The reality is that most applications and websites don’t expose enough context about the what of what you’re actually doing for AIs to be able to meaningfully infer from natural language the steps required to complete a given task.
We humans are very good at filling in the blanks based on if we’re working in Photoshop or VS Code or Excel. We infer a lot of context from the specific files we’re working on or the particular client or even the files’ organization within the file system, or even what month or day it is.
I am skeptical that models will be able to replicate a complex workflow when there’s very little in the way of labels and UI controls even visible.
I know a weekly spreadsheet from a monthly and quarterly, etc. I know the minutiae about which options to use to generate the specific source reports, etc.

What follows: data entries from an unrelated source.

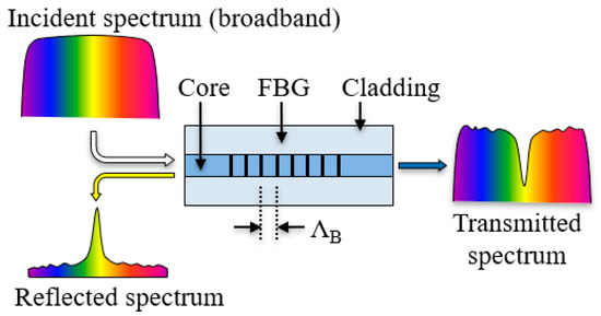In an FBG sensor, a narrow band of the incident optical field within the fiber is reflected by successive, coherent scattering from the index variations, as illustrated in Figure 2. The strongest interaction, or mode coupling, occurs at the Bragg wavelength [21], as described by Equation (2):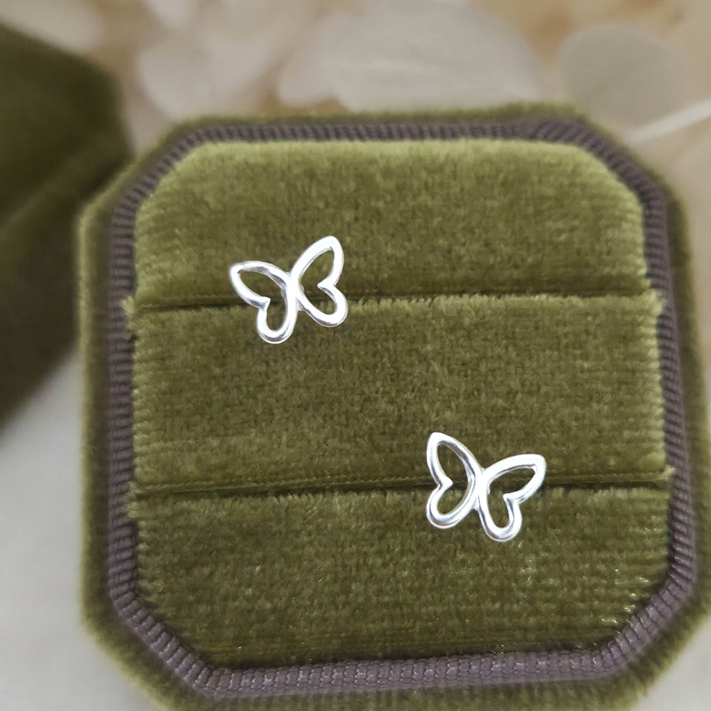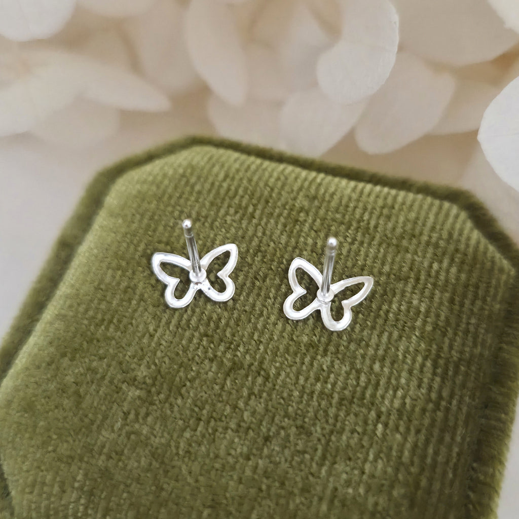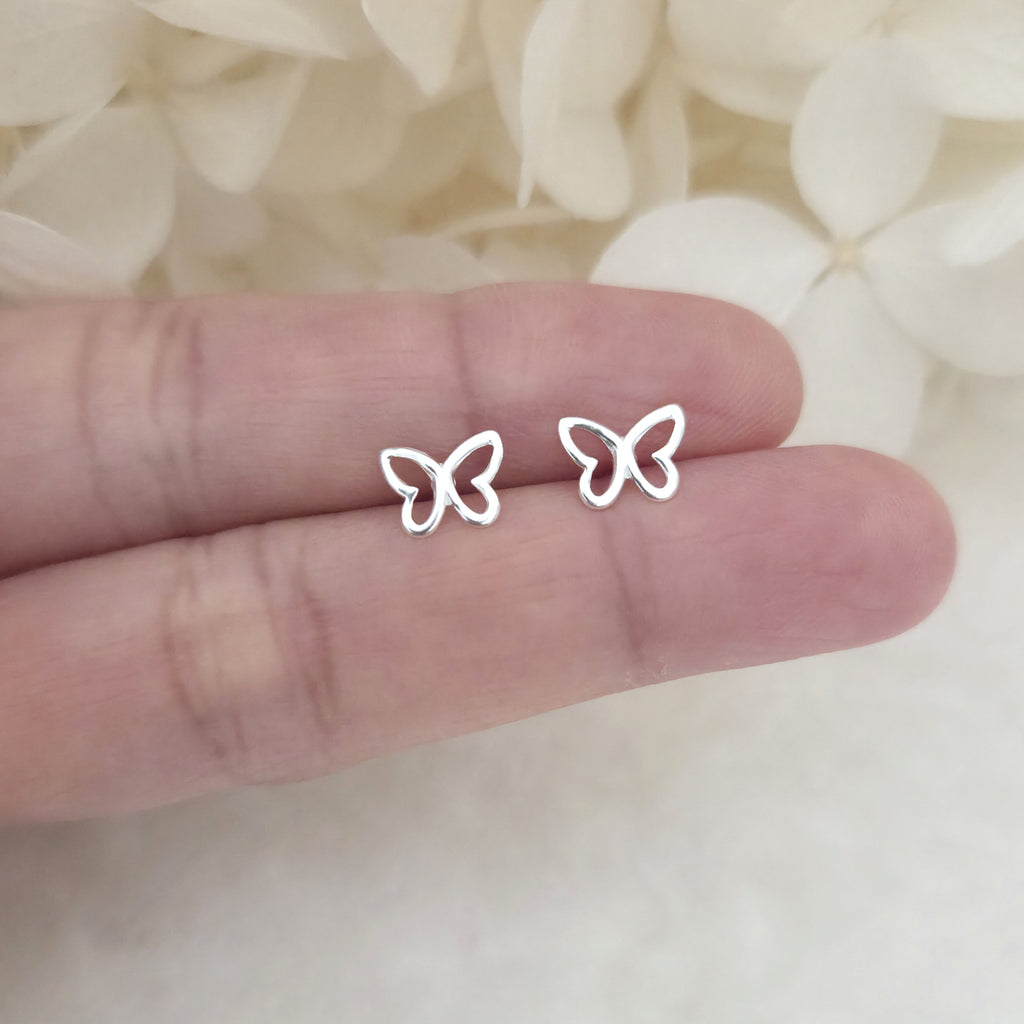 Tiny 925 Sterling Silver Butterfly Stud Earrings – Delicate Minimal Butterfly Studs in Solid Silver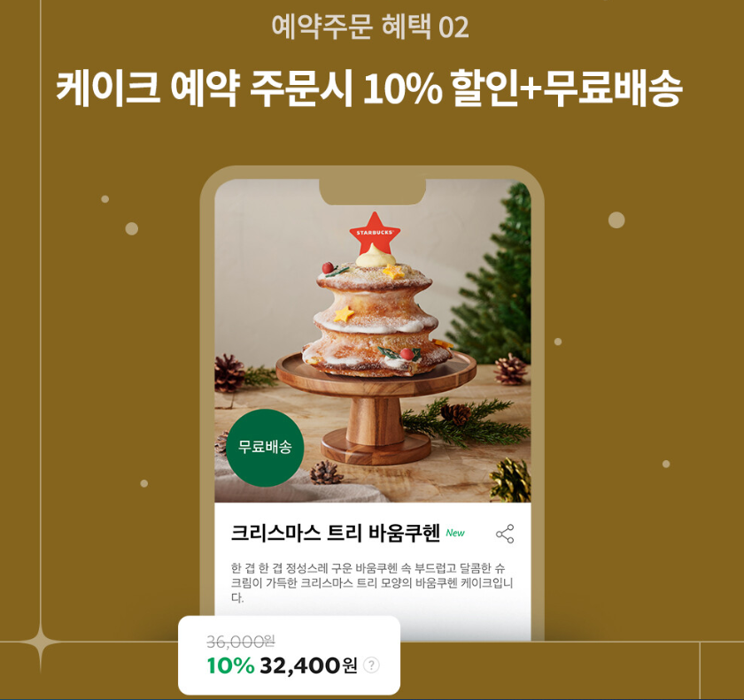 아래 기간 동안에 스타벅스 온라인 스토어에서 케이크를 예약 주문하시면

Workflows can be quite complex, no matter your role.
I mean I can just see it now: gift receipts being sent to the recipient before their birthday, internal draft proposals prematurely sent to clients, mixing up clients or commingling their data, overwriting or losing data; this whole thing just screams disaster. And I’m not even thinking about people involved with safety, or finance, or legal/regultory, or medical. Law enforcement?
This kind of thing can be done properly with well defined interfaces, common standards, and reasonable and prudent guardrails.
But it won’t be. It’ll be YOLOed on a paper thin training budget and it’ll be like your own little personal chaos monkey on ketamine.